▶ [Source material]
____________
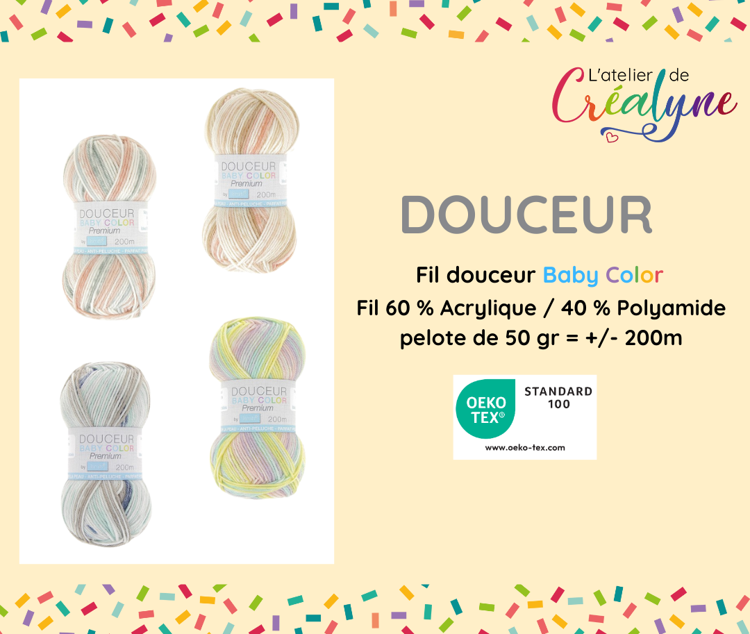 Facile à travailler, la douceur Baby Color glisse agréablement sur le crochet et assure un rendu régulier. Son entretien simple en fait un allié pratique pour un usage quotidien.
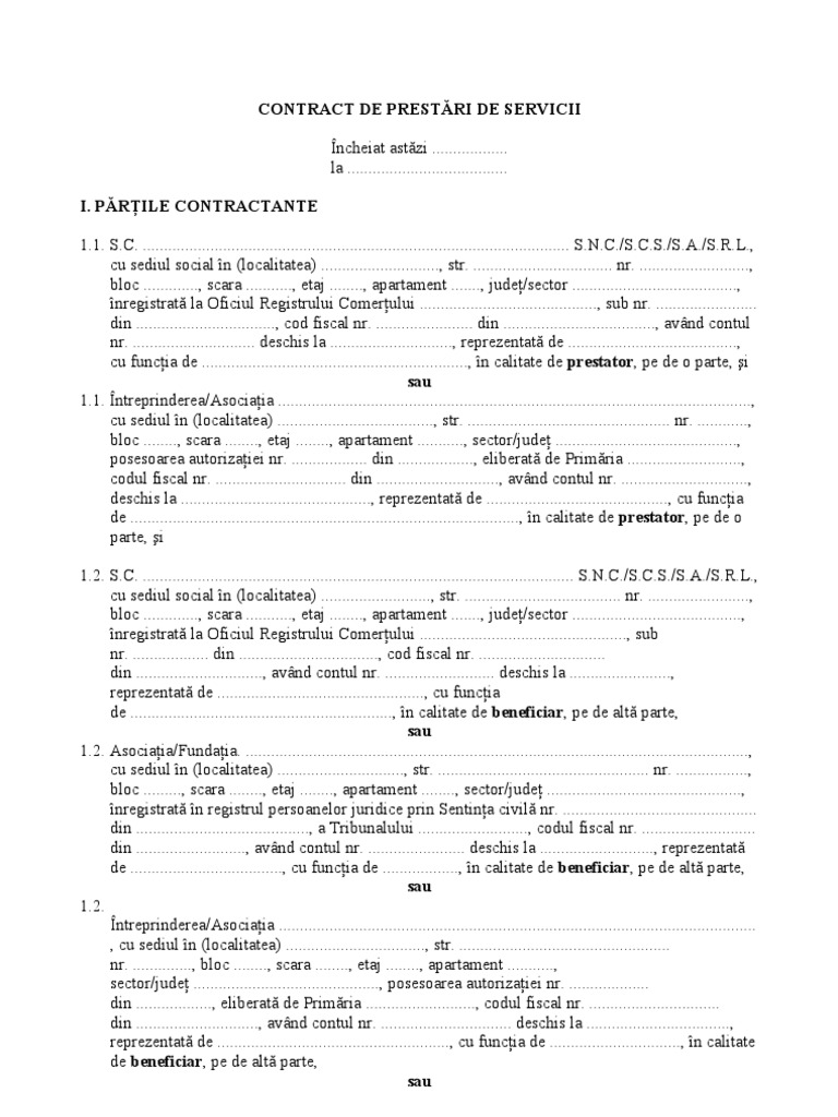 TIMIȘ”, numită în continuare PRESTATOR, . Cum scriem un contract de prestări servicii consultanță? Modelul contractului de prestări servicii care se încheie cu evaluatorii de servicii de. Pentru lucrari de renovare generala si vopsire.
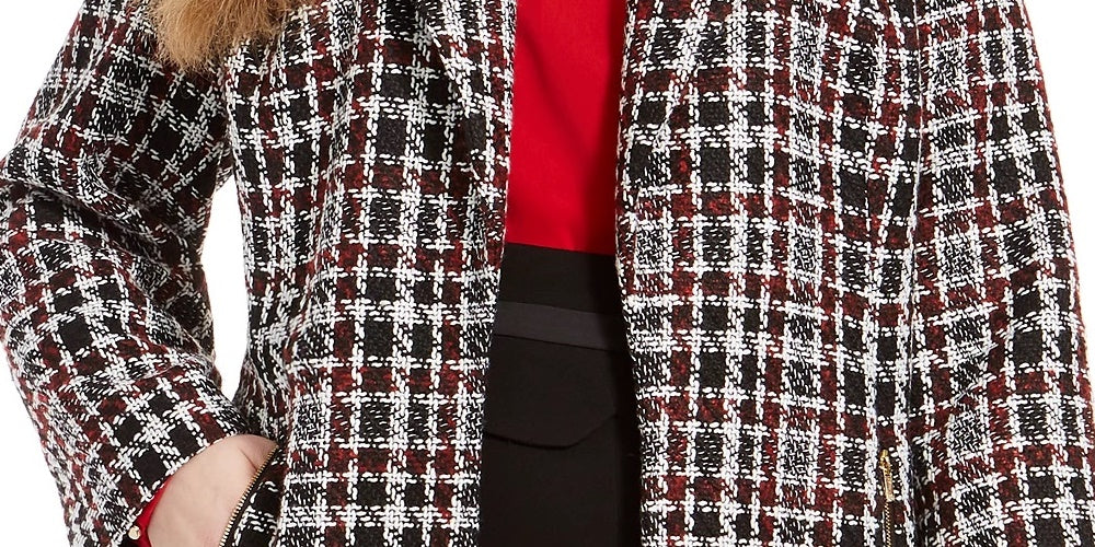 Comprimento aproximado: 34-1/2" | Lapela alta; frente aberta; sem fecho | Ombreiras | Bolsos com zíper nas laterais | Forrado | Poliéster/acrílico/rayon/nylon/lã/algodão; forro: poliéster
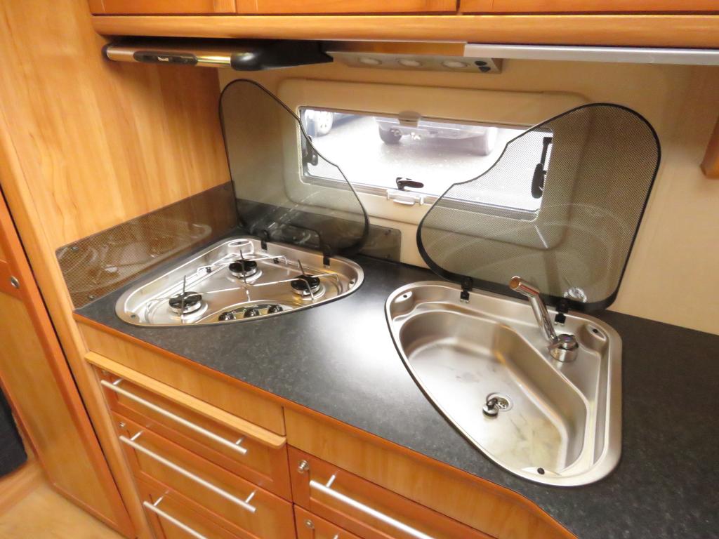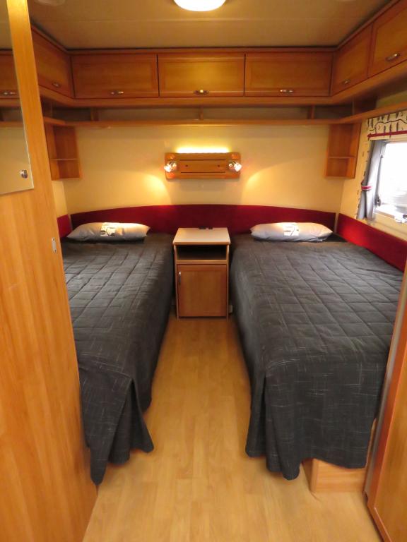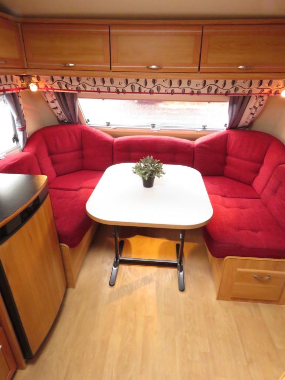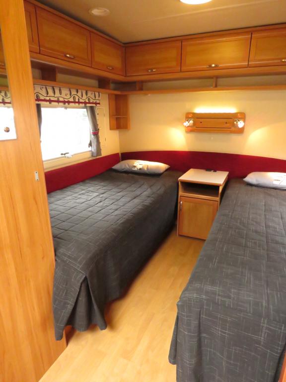 Vaunun takaosassa erillisvuoteet, edessä tilava U- ryhmä. Lisäksi suuren kattoikkunan ansiosta valoisa keittiöryhmä jossa runsaasti laskutilaa.
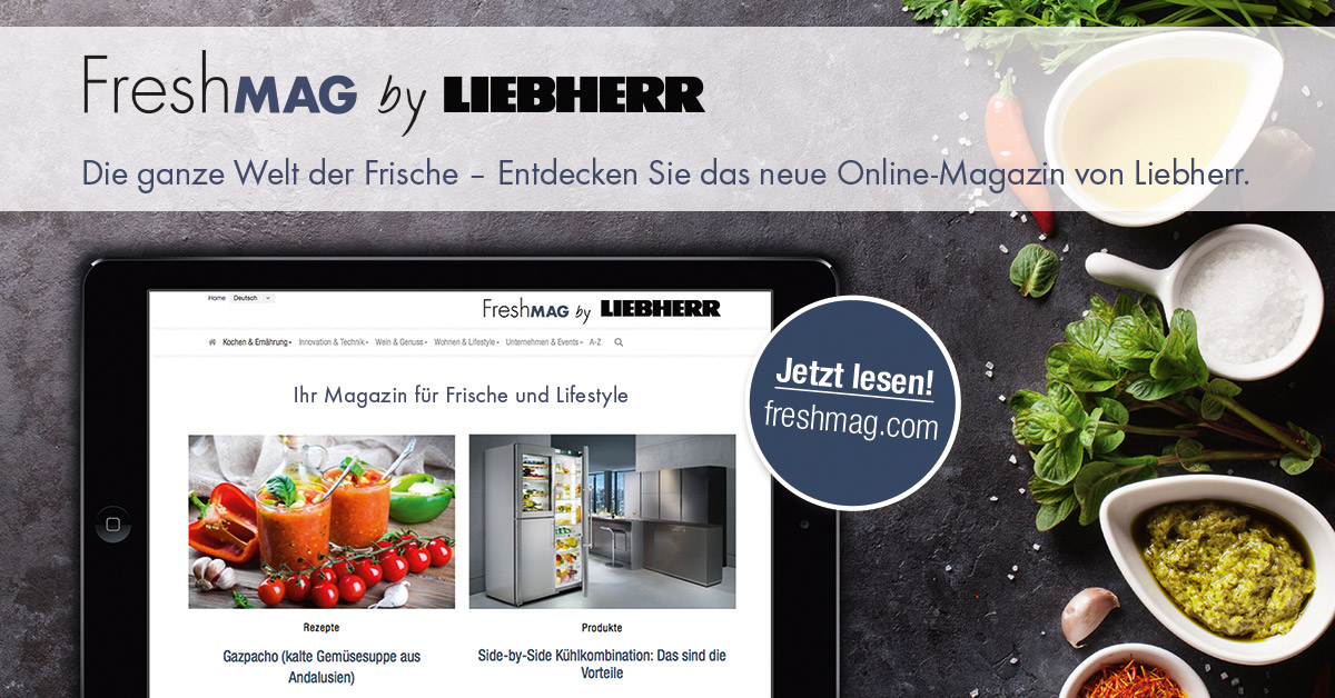 Liebherr hat ein neues Online-Angebot unter dem Namen „FreshMAG“ initiiert. Neben Rezepten, Service- und Design-Themen unterstreicht der Spezialist für Kühlen und Gefrieren mit vielen Hinweisen zur perfekten Lebensmittellagerung seine Kernkompetenz und offeriert dem User ein zentrales Magazin rund um das Thema Lebensmittel, Frische und Lifestyle.
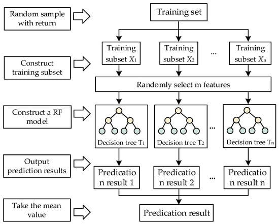 - Repeating step (1) n times, a total of n training subsets are obtained, forming n decision trees, and all the decision trees are combined together to obtain an RF model.
____________
▶ [What you will do] Take only the lines above from the one that has "generala si vopsire." through the one that has "Vaunun takaosassa erillisvuoteet, edessä" and reproduce them exactly, omitting any pictures.

▶ [Reply]
 TIMIȘ”, numită în continuare PRESTATOR, . Cum scriem un contract de prestări servicii consultanță? Modelul contractului de prestări servicii care se încheie cu evaluatorii de servicii de. Pentru lucrari de renovare generala si vopsire.
 Comprimento aproximado: 34-1/2" | Lapela alta; frente aberta; sem fecho | Ombreiras | Bolsos com zíper nas laterais | Forrado | Poliéster/acrílico/rayon/nylon/lã/algodão; forro: poliéster
 Vaunun takaosassa erillisvuoteet, edessä tilava U- ryhmä. Lisäksi suuren kattoikkunan ansiosta valoisa keittiöryhmä jossa runsaasti laskutilaa.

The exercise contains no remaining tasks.